Da questo scaturisce la solidarietà che è la formazione di una mentalità tesa non alla collettivizzazione, ma alla comunità. La comunità è difficile da vivere. Gli antichi dicevano: "Vita communis maxima poenitentia est" ("La vita comune è la massima penitenza").

Fin quando noi consideriamo gli altri... assenti, consentiamo loro di starci accanto, ma se gli altri assumono la loro configurazione, urtano la nostra suscettibilità. Allora bisogna morbidizzarsi per fare in modo che l'altro si possa esprimere anche nell'errore perché se questo è prodotto da lui, è una sua verità. Se l'altro è libero, si può confrontare, ma se subisce inibizioni o proibizioni, il poveraccio resta nella sua dimensione di non personalizzazione.

Questo si verifica anche in famiglia. Non è raro sentire un genitore dire al figlio: "Fin quando starai qui, devi fare quello che dico io e pensare come penso io. Se non ti conviene, puoi anche andartene!".

Questo non è un fatto del passato come ci illudiamo di pensare fin quando non lo constatiamo personalmente.

Ma col confronto non aumenta la conflittualità? Aumenta se al confronto non fa da supporto la dialogalità. Il confronto produce conflitto se le due realtà personali entrano in relazione senza prendere in considerazione le tre leggi del sistema aperto: omeostasi, trasformabilità ed integrazione, ma per metterle in atto spesso ci vuole una vita intera.

Per la legge dell'omeostasi, quando mi pongo in relazione, lo faccio per quello che sono perché devo conservare la mia identità, non mi posso piegare a tutte le cose che mi vengono dal di fuori perché se sono come un fuscello piegato dal vento, perdo la mia identità. Quindi, difendo la mia posizione.

Se non ho argomenti di difesa, devo avere la morbidezza di mettermi in discussione di fronte ad una proposta che l'altro mi fa ponendomi in atteggiamento dialogale.
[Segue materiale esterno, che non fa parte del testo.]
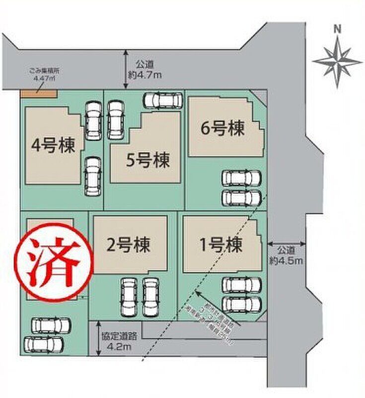 | 駐車場 | 1台 ~ 2台(※車種による) | 道路の幅員 | 北側4.7m公道に接道、東側4.5m公道に接道 |

Questo attiva la legge della trasformabilità.

Quando, poi, mi incontro con il nuovo che mi viene presentato dall'altro e mi  confronto con  disponibilità, cioè cerco di trovare una nuova via che è quella della crescita personale e della crescita dell'altro, arrivo ad un'integrazione.

Nel dialogo, oltre alla bipolarità personale, alla comunicazione profonda, alla precomprensione positiva e alla parità, ci vuole anche la differenziazione e la collaborazione, ma la differenziazione significa che il dialogo si nutre del modello diverso dell'altro che mi stimola ad aprire varchi, perché la verità non è mai posseduta dall'uomo nella sua totalità.

Però capita frequentemente di esasperare l'omeostasi o la trasformabilità senza entrare in dialogo per cui l'integrazione non avviene. Capita anche tra marito e moglie quando uno dei due dice solo: "Signorsì! Hai ragione tu!" perché questo vuol dire che è come se non ci fosse. Se si vuole stabilire una relazione, c'è bisogno di sapere l'altro che cosa pensa.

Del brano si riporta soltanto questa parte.